SA takes France to task

2011-07-16 15:32

South Africa has reported France to the sanctions committee of the United Nations after it became known that France was dropping weapons in Libya to aid the rebels’ war against Libyan leader Muammar ­Gaddafi.

In a move that may sully the relationship between South Africa and France, the South African mission complained to the UN that France had overstepped the boundaries of Resolution 1970, which imposes an arms embargo on Libya.

This means no country is allowed to give or sell arms to the Libyans because they could be used to kill civilians.

Several government officials and diplomats told City Press that South Africa feels France was not justified in delivering the arms to the rebels.

France is also a member of Nato, which South Africa feels is overstepping its boundaries in Libya.

“Nato says it demobilised the military infrastructure of Gaddafi, so why are they continuing the bombing?” a South African government official said.

Although South Africa voted in favour of resolutions that allow for a no-fly zone in Libya, it shortly afterwards said nations like the US and France are ­using the resolutions to effect regime change, which overreaches the intent of the resolutions.

Back home, President Jacob Zuma had a hard time explaining to locals why South Africa voted in favour of a no-fly zone, which effectively gave Nato the go-ahead to bomb Libyan towns.

South African diplomats claim that although resolution 1973 – which mandated the no-fly zone – was pushed too far by Nato, it stopped Gaddafi from carrying out threats to “wipe out” civilians in Benghazi and Misrata which were seen as rebel strongholds.

Zuma received criticism in an ANC Youth League statement in particular for agreeing to ­“undermine the sovereignty of another country” and for “being used by the United States”.

This became a lightning rod for ANC youth league leader ­Julius Malema, who is extremely critical of Zuma and wants him ­replaced as ANC president next year, and an example for him of Zuma’s weak leadership.

Although officials say the South African government holds no brief for Gaddafi, it is suspicious of the transitional national council which has been recognised by some European countries and the United States.

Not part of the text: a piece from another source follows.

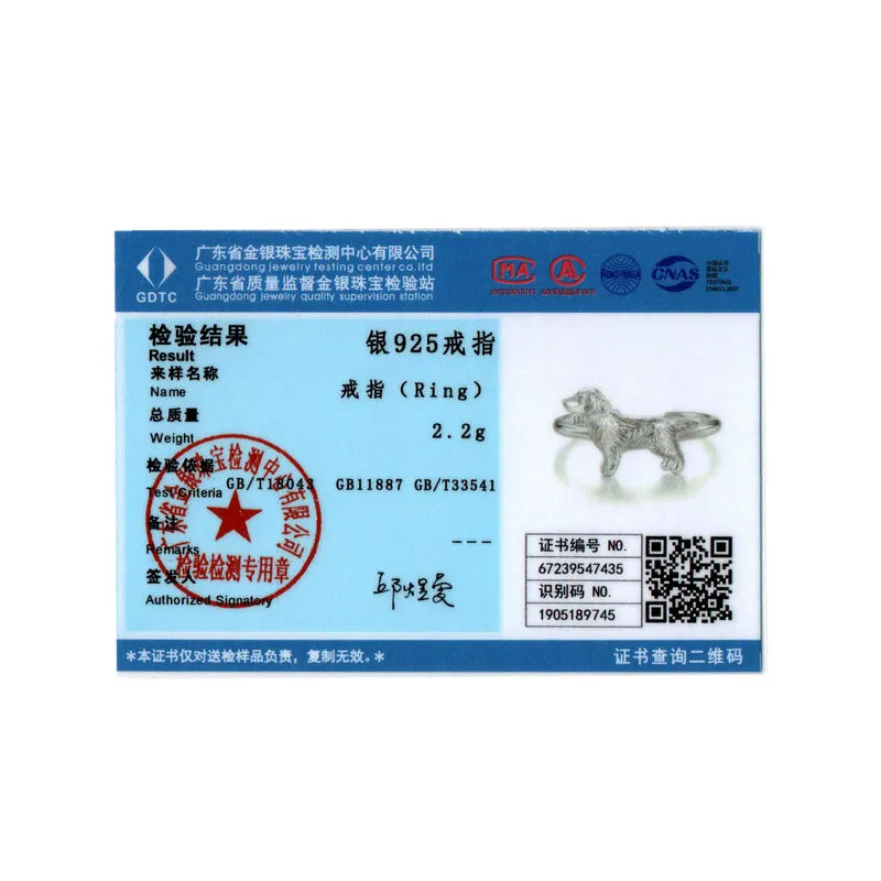 BISAER 925 Sterling Silver Cute Golden Retriever Open Ring Pet Dog Band Plated White Gold for Women Party Original Fine Jewelry
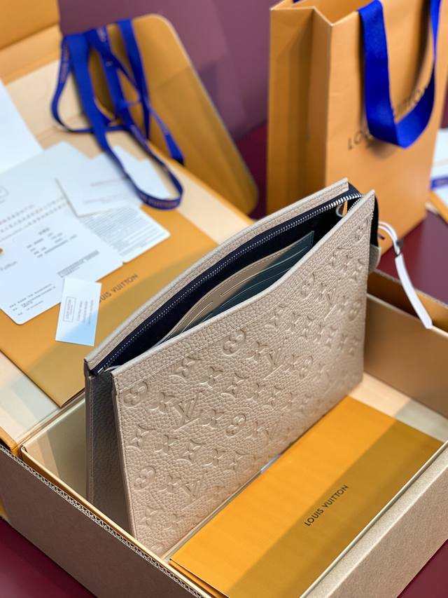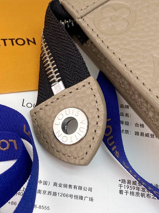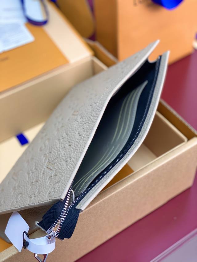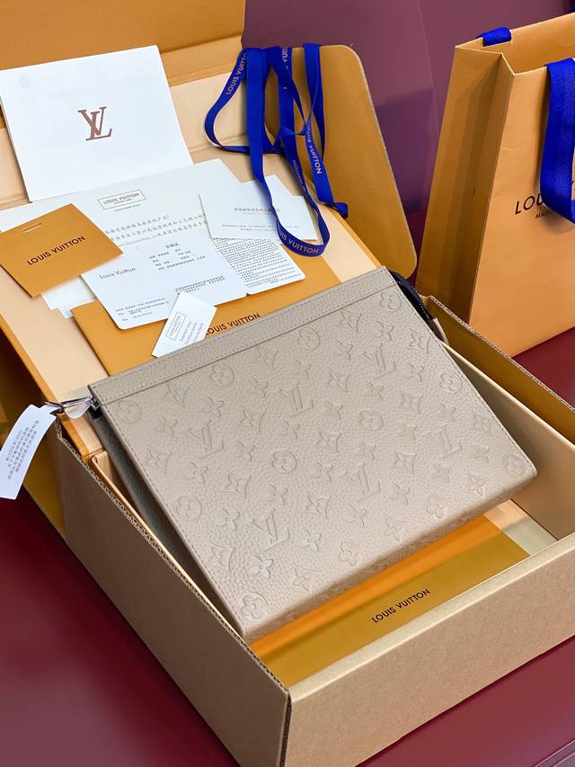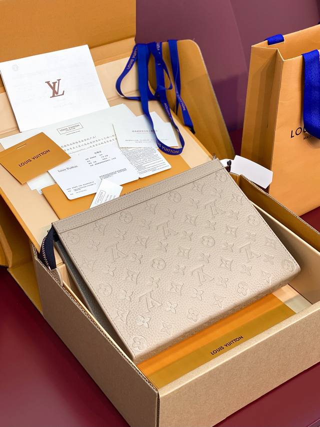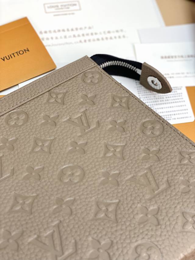 升级版本M13666 新灰!芯片版、 头层牛皮制作 Pochette Voyage 手拿包 本款 Pochette Voyage 手拿包取材 Taga 荔枝纹牛皮,以 Lv 字母标注一隅,搭配亮泽金属件。拉链开启卡位和主隔层,可容纳随行小物。

“Who are these people, where do they get their instructions from? That’s what we want to know,” a member of Zuma’s ­executive asked.

City Press was told that several African leaders, including the presidents of Ethiopia, Gabon, Gambia, Rwanda and Senegal, agree with the Western countries that Gaddafi must go, but are hesitant to come out publicly and say so.

“They say they’ve had enough of this, Gaddafi must leave. But they want to be careful not to say it out loud because they know that some day it might be them,” a senior diplomat said.

The dependancy of some African countries on Gaddafi’s generosity also plays a role in their reluctance to act.

“Mali, Mauritania, Uganda and the [Democratic Republic of] Congo are all on the payrolls of Gaddafi,” a senior diplomat said.

The department of international relations and co-operation declined to comment.